Figure 4. Effects of shRNA knockdown of KD genes on mouse phenotypes

Eight week old C57BL/6J mice were injected with adenovirus carrying either empty vector or shRNA against respective KD genes and fed with HF/HS diet for 14 days. Comparisons of (A–D) liver and three white adipose tissue (WAT) weights, (E) hepatic triglyceride (TG) levels, (F) hepatic total cholesterol (TC) levels, (G) plasma insulin levels and (H) HOMA-IR measurements between control and shRNA animal groups. Data are represented as mean ± SEM (n = 7–12 animals per group). P values were calculated by unpaired two-sided student’s t-test. †P < 0.10, *P < 0.05, **P < 0.01, ***P < 0.001. See also Figures S3 and S4.

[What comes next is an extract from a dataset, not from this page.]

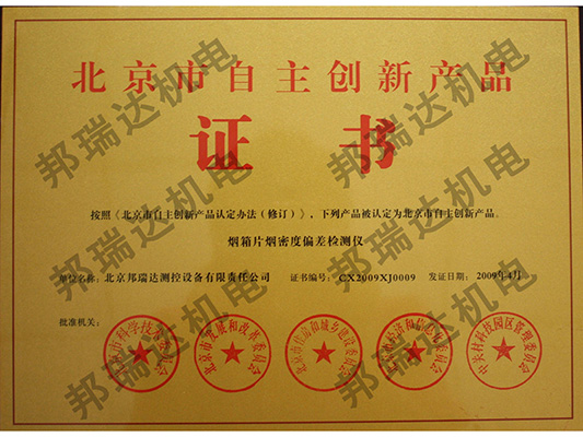 我公司研發(fā)的“煙箱片煙密度偏差檢測(cè)儀”獲得了北京市自主創(chuàng)新產(chǎn)品證書(shū)
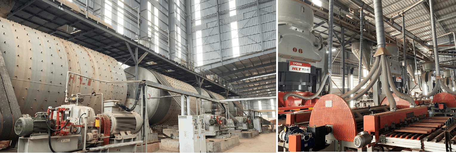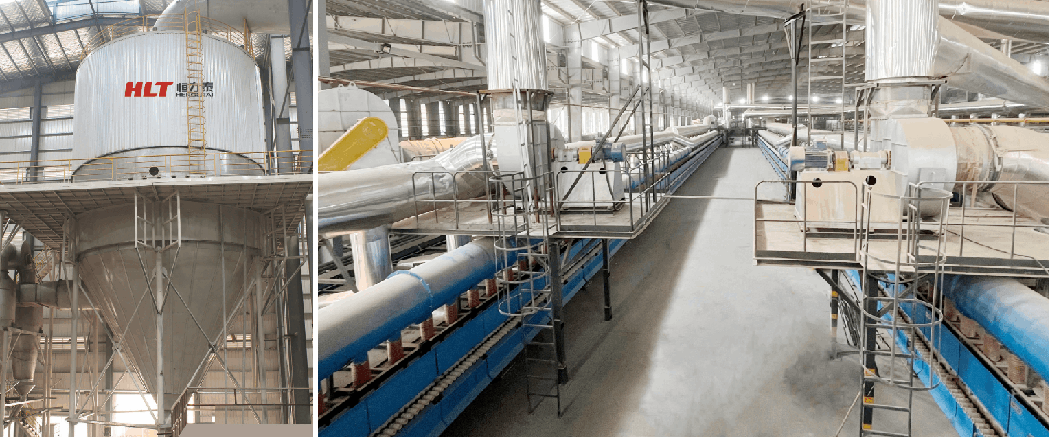 This project involves various components, including 4 sets of HLT Technology's 60T energy-saving intermittent ball mills, FaST series PST-12000 intelligent spray towers, and complete-line machinery for the glaze workshop. Additionally, there are 3 units of HLT Industry's YP3009T automatic hydraulic presses, DLT Technology's Industry "4.0 energy efficiency benchmark" roof tiles firing kiln (W3100/L268.8M), EM series five-layer recirculating dryers (W3200/L64.4M), pre-kiln drying and glazing lines, and other complete sets of auxiliary machinery. The primary production specifications are for high-end roof tiles measuring 325*425mm, with a designed daily output of 150,000 pieces.

Figure 5. Effects of shRNA knockdown of predicted KD genes on network neighborhood genes

Relative normalized expression values of neighborhood genes and distant genes (3-edges apart) of (A–B) Pklr and (C–D) Chchd6 network respectively, between control and shRNA animal groups after 14 days of infection. Data are represented as mean ± SEM (n = 4–5 animals per group). P values were calculated by unpaired two-sided student’s t-test. *P < 0.05, **P < 0.01, ***P < 0.001. See also Figure S3.

Figure 6. Knockdown of Pklr and Chchd6 affects both mitochondrial respiration and glycolysis

Bioenergetic studies on intact AML12 cells transfected with either scrRNA or siRNA against respective novel KD genes (Pklr and Chchd6) were analyzed. Comparisons of (A) oxygen consumption rate (OCR) profile, (B) mitochondrial (datapoint 14 subtracted from 3), (C) non-mitochondrial (datapoint 14), (D) ATP-linked (datapoint 6 subtracted from 3) and (E) proton leak (datapoint 14 subtracted from 6) associated respiration levels, (F) extracellular acidification rate (ECAR) profile, (G) basal ECAR (datapoint 3), (H) maximum ECAR (datapoint 6) levels and (I) overall metabolic profile between scrambled and siRNA groups. Data are represented as mean ± SEM. The experiment was repeated in two independent times with n = 4–8 wells per group each time. (J) Bioenergetic analyses on isolated liver mitochondria from mice injected with adenovirus carrying either empty vector or respective shRNA (n = 2 animals per group). Data are represented as mean ± SEM (n = 3–4 wells per data point). (A, F) P values were calculated by one-factor (time) repeated measures two-way ANOVA (time by treatment interaction P value). (B–E, G–H) P values were calculated by unpaired student’s t-test. *P < 0.05, **P < 0.01, ***P < 0.001. See also Figure S3.

Figure 7. Summary figure illustrating that a number of KD genes are linked to mitochondrial and metabolic pathways leading to hepatic triglyceride accumulation

KD genes including Fasn, Thrsp, Pklr and Chchd6 found in the current study are colored in red. I, II, III, IV and V correspond to respective electron transport chain (ETC) complexes. TCA: Tricarboxylic acid cycle; OAA: Oxaloacetate; FFA: free fatty acid.